● Task brief
Look below for the line that contains "Die Anleitungen werden" and the line that contains "Арматура - металл", then restate both of them and every line in between, exactly. No picture goes in the copy.

● Records for the task

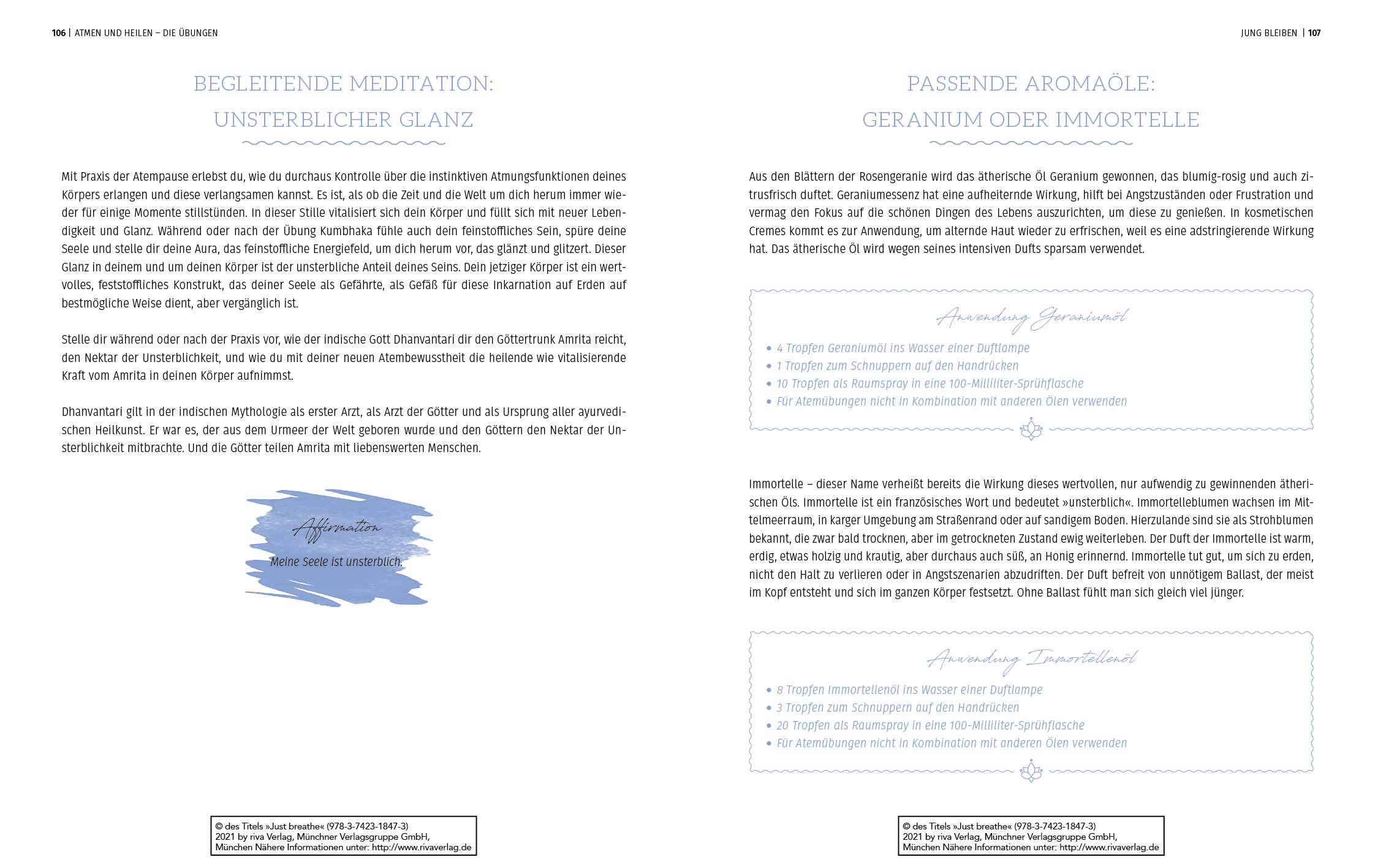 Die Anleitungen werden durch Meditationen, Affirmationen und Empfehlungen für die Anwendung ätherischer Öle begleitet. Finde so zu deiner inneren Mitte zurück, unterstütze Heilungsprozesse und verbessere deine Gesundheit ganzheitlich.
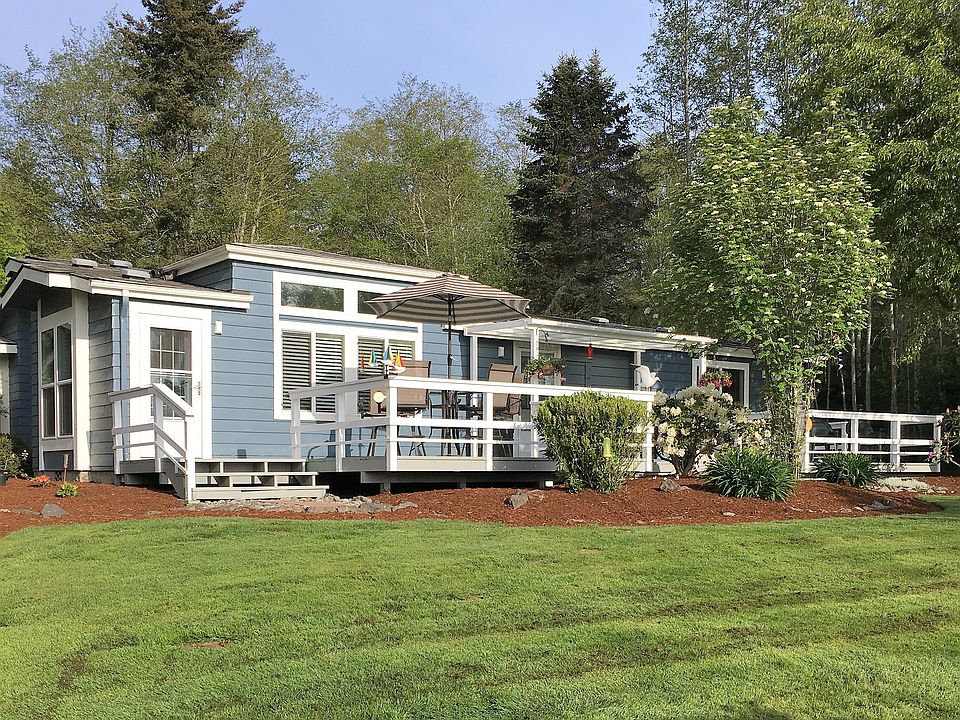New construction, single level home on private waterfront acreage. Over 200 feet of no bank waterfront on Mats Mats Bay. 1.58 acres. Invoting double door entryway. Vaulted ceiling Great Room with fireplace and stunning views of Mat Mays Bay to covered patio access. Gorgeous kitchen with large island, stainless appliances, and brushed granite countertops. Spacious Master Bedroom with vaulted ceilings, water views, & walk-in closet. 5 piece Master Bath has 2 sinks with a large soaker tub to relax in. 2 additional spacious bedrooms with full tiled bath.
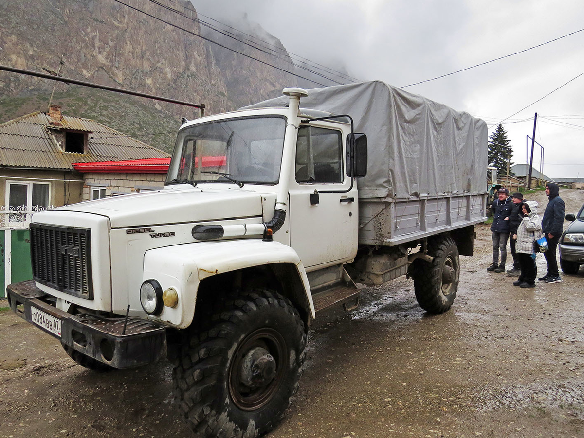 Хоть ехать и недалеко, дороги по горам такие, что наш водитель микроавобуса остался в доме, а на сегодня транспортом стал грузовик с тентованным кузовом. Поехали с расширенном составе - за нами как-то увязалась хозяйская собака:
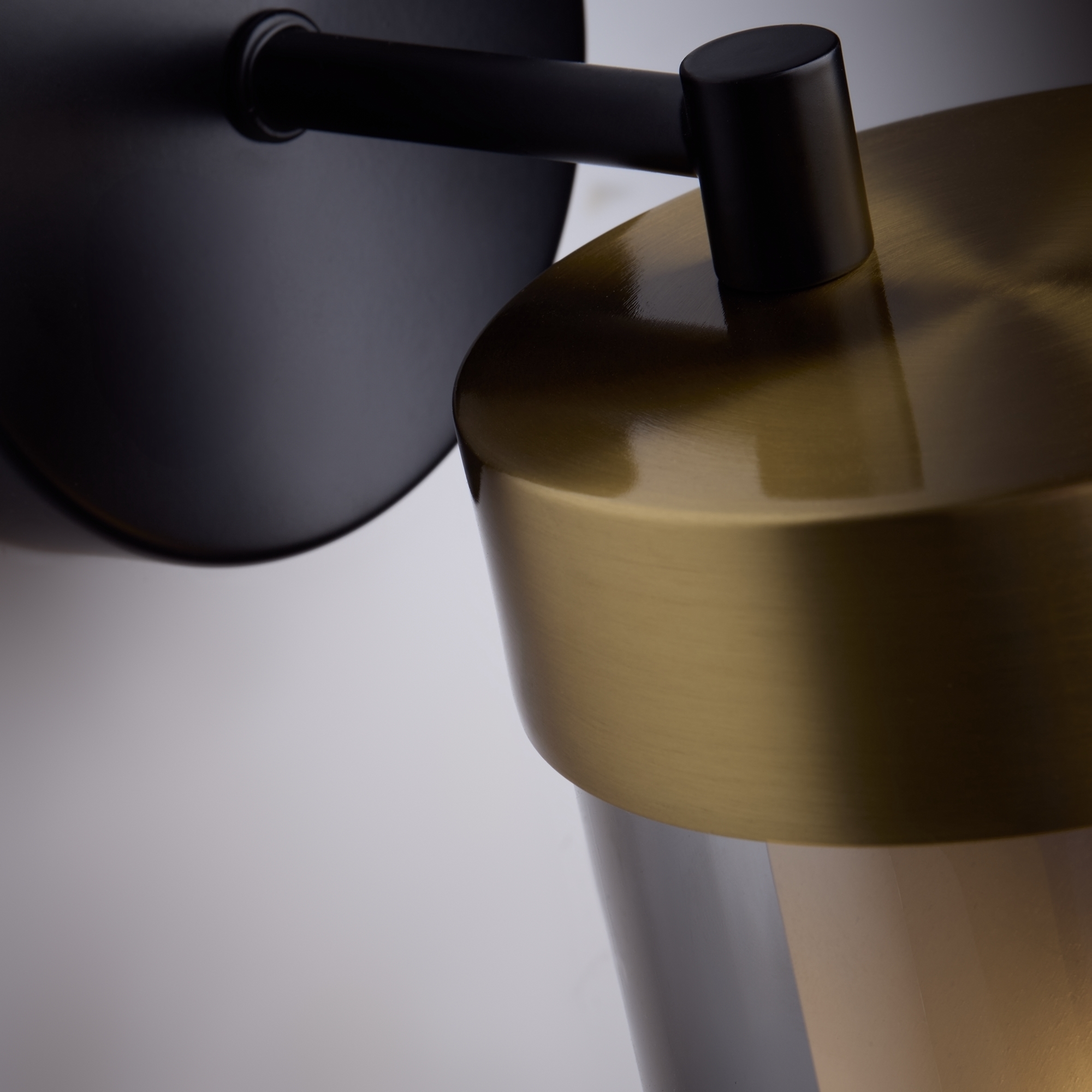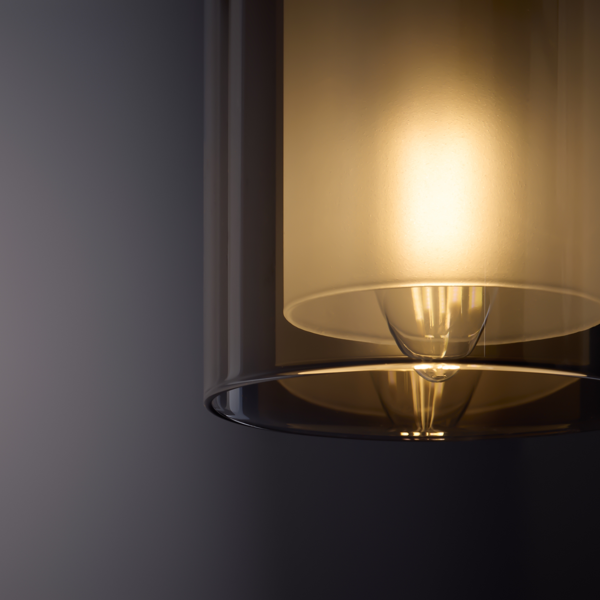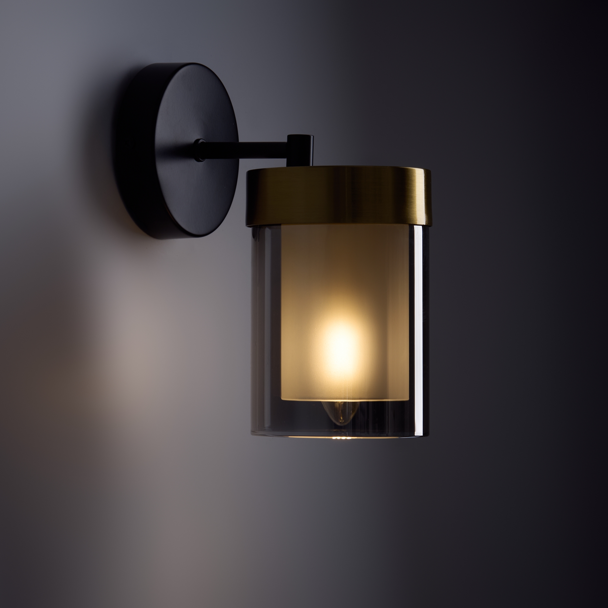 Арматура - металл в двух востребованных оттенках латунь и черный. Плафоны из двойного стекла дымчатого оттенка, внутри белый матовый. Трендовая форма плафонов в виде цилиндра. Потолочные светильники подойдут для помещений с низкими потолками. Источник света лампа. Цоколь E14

* * *

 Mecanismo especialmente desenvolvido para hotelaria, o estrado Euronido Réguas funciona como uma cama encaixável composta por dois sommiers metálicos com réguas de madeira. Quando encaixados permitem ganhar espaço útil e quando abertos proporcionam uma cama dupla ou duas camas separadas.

● Solution below
 Die Anleitungen werden durch Meditationen, Affirmationen und Empfehlungen für die Anwendung ätherischer Öle begleitet. Finde so zu deiner inneren Mitte zurück, unterstütze Heilungsprozesse und verbessere deine Gesundheit ganzheitlich.
New construction, single level home on private waterfront acreage. Over 200 feet of no bank waterfront on Mats Mats Bay. 1.58 acres. Invoting double door entryway. Vaulted ceiling Great Room with fireplace and stunning views of Mat Mays Bay to covered patio access. Gorgeous kitchen with large island, stainless appliances, and brushed granite countertops. Spacious Master Bedroom with vaulted ceilings, water views, & walk-in closet. 5 piece Master Bath has 2 sinks with a large soaker tub to relax in. 2 additional spacious bedrooms with full tiled bath.
 Хоть ехать и недалеко, дороги по горам такие, что наш водитель микроавобуса остался в доме, а на сегодня транспортом стал грузовик с тентованным кузовом. Поехали с расширенном составе - за нами как-то увязалась хозяйская собака:
 Арматура - металл в двух востребованных оттенках латунь и черный. Плафоны из двойного стекла дымчатого оттенка, внутри белый матовый. Трендовая форма плафонов в виде цилиндра. Потолочные светильники подойдут для помещений с низкими потолками. Источник света лампа. Цоколь E14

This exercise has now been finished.